Adopted by the Bundestag (German Parliament) in June 2021, the Supply Chain Due Diligence Act (the ‘Supply Chain Act’) came into force on 1 January 2023.[1] The Supply Chain Act requires supply chain due diligence regarding human rights and environment-related obligations. It covers all the steps necessary to manufacture products and render services, starting from the extraction of raw materials to end-customer delivery in Germany or abroad. These due diligence obligations trigger challenges vis-à-vis direct and indirect suppliers.

In line with the Supply Chain Act, on 23 February 2022, the European Commission of the EU published the draft of its corporate sustainability and due diligence directive that aims to promote sustainable and responsible corporate behaviour by incorporating human rights and environmental considerations into company operations and corporate governance.[2] The proposed directive marks a shift from voluntary to mandatory sustainability due diligence in the EU and represents a step towards greater corporate accountability for environmental and social impacts. The directive must now be approved by the European Parliament and Council of the EU. According to the proposed directive, Member States are required to integrate it into national law within two years from the adoption.

Under these regulations, businesses must establish grievance mechanisms and report on their activities to prevent or minimise risks and violations related to sustainable supply chain management. Moreover, enforcement and sanction mechanisms are foreseen, establishing administrative or civil liability for non-compliant companies, not to mention the negative publicity and reputational damage this may entail. Key due diligence obligations include:

  • establishing a risk management system; 
  • performing regular risk analyses;
  • designing and adopting human rights policies; 
  • establishing due diligence measures in their own business area and vis-à-vis suppliers;
  • taking remedial action in the event of an imminent or actual violation of a human rights or environmental obligation to end, minimise or prevent a such violation, as the case may be;
  • establishing a complaint procedure for the reporting of human rights violations; and
  • documenting and reporting due diligence measures. 

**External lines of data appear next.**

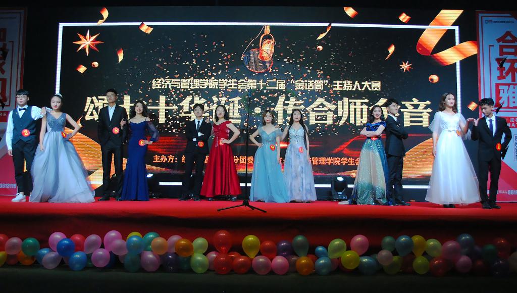 本次比赛以“颂七十华诞,传合师金音”为主题,旨在促进校园精神文化建设,丰富同学们的老员工活。经过长达两周的选拔与训练,共有12位参赛选手进入决赛。比赛中,每位选手通过自我展示,才艺表演以及主持搭档等环节开展了激烈的比拼,更是赢得了观众们热烈的掌声。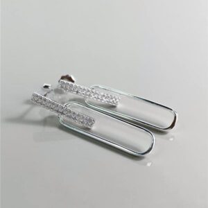 BRINCO BASE PALITO COM PINGENTE RETANGULAR VAZADO E CRAVEJADO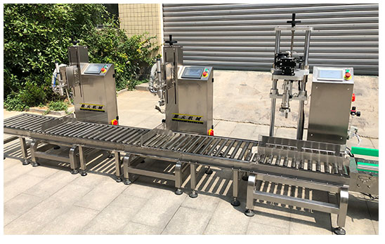 自動(dòng)稱重式灌裝旋蓋生產(chǎn)線/桶裝稱重灌裝線的工作流程:自動(dòng)稱重式灌裝旋蓋生產(chǎn)線在高過大氣壓強(qiáng)的情形下開展罐裝,也可分成二種:一種是貯液主缸的壓力與瓶內(nèi)的工作壓力同樣,根據(jù)液態(tài)自身的凈重引入瓶內(nèi),稱之為隔熱保溫全過程罐裝;另一種是貯液主缸的工作壓力高過瓶內(nèi)的工作壓力,液態(tài)根據(jù)壓力差引入瓶內(nèi),這類辦法多用以迅速生產(chǎn)流水線。
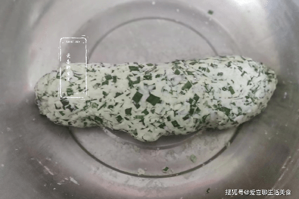 第二步,揉成粉團。接著,把韭菜碎放入大盆中,加入一斤糯米粉拌勻,然後再少量多次加入溫水,攪拌至沒有幹米飯,下手揉成一個光滑的粉團。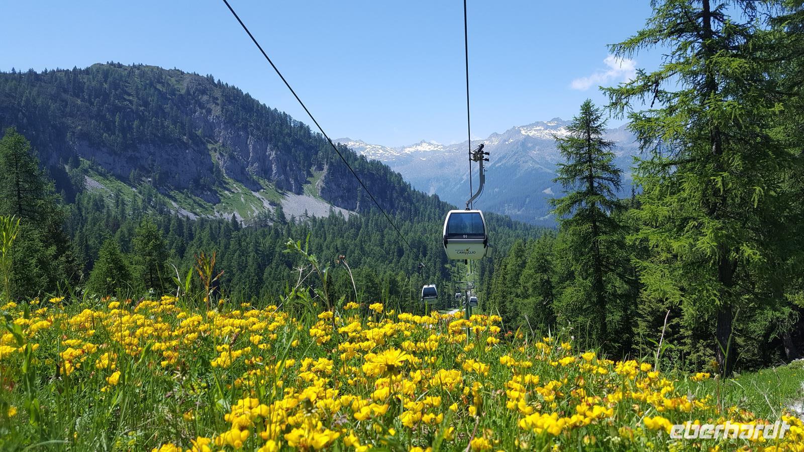 Mit der Gondel „Talent" schwebten wir in Windeseile auf 1.995 Meter.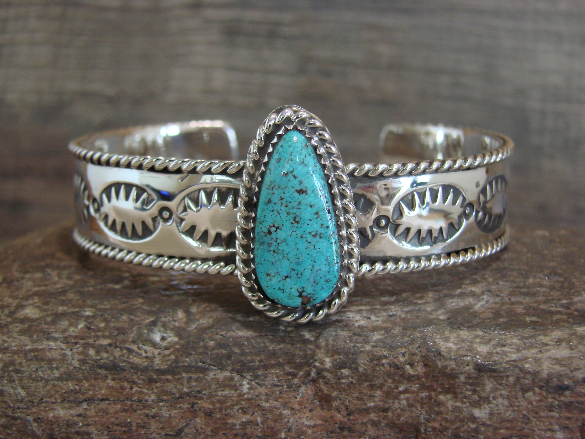 Genuine Native American Navajo Indian Sterling Silver & Turquoise Bracelet from Western New Mexico. This Stunning bracelet features a Genuine Turquoise Stone set into a crown sterling silver bezel setting. Hand Stamping and Beautiful details in Sterling Silver surround the Stone. Fine Navajo Silversmith workmanship quality makes this bracelet a beautiful hand made masterpiece! Navajo Indian handmade by Jason Bahe. Signed "Jason B." and Stamped "Sterling" on the back. Free gift box and free shipping included!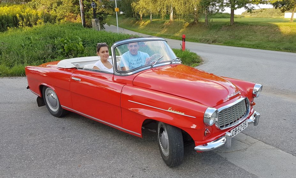 Filip Hlaváček, Chomutov — Škoda Felicia Super, 1964. Model s motorem o objemu 1221 cm³ se dvěma karburátory Jikov. Prvním majitelem byla moje babička, auto nikdy sama neřídila. Vůz sloužil celé rodině, jezdil i na dovolené do Bulharska a Maďarska a nikdy nás nenechal ve štychu. V roce 1996 ho prarodiče přepsali na maminku, která s ním také nejezdila. Auto stálo v garáži pod dekou, dokud jsem se o něj nezačal zajímat v roce 2017. Po několika stovkách hodin práce jsem zjistil, že většina dílů je v dobrém stavu. Interiér byl perfektní, motor točil bez potíží. Stačilo vyčistit a vyměnit „spotřební“ díly. Během půl roku bylo hotovo a Felicie mě i mou ženu odvezla na svatbu. Lak je původní, jen děda některá místa přetřel štětkou. Tachometr ukazuje 76 000 km. Patří mezi poslední vyrobené kusy (ještě nepotvrzeno). Chtěl bych požádat o certifikaci ve Škodovce. Největším zážitkem bylo znovupřihlášení auta do provozu — STK bez problémů, EKO zaplaceno, ale SPZ z depozitu zmizely, asi byly omylem skartovány. Přikládám pár fotek a děkuji za spolupráci. — Filip Hlaváček.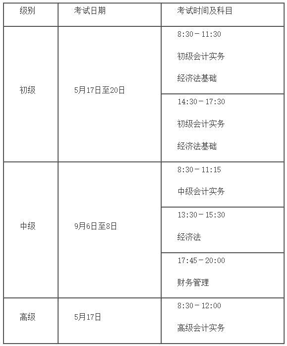 4.2025年5月17日至20日,組織初級會計資格考試,5月17日組織高級會計資格考試。

These legislative efforts are marking a pivotal moment in global corporate responsibility, imposing unprecedented requirements on companies operating within and beyond Europe. For Latin American (LATAM) companies, this represents both challenges and opportunities that demand careful consideration and strategic action.


Challenges and opportunities in Latin America

To adapt to the legal framework, companies in Europe are strengthening their third-party due diligence processes by increasing requirements for suppliers worldwide. Even small and medium-sized companies will need to create or adapt their compliance programmes accordingly if they want to become or remain part of the global supply chain in their sector.

In LATAM, local compliance regulations and integrity culture vary across countries, presenting additional challenges when implementing this legislation.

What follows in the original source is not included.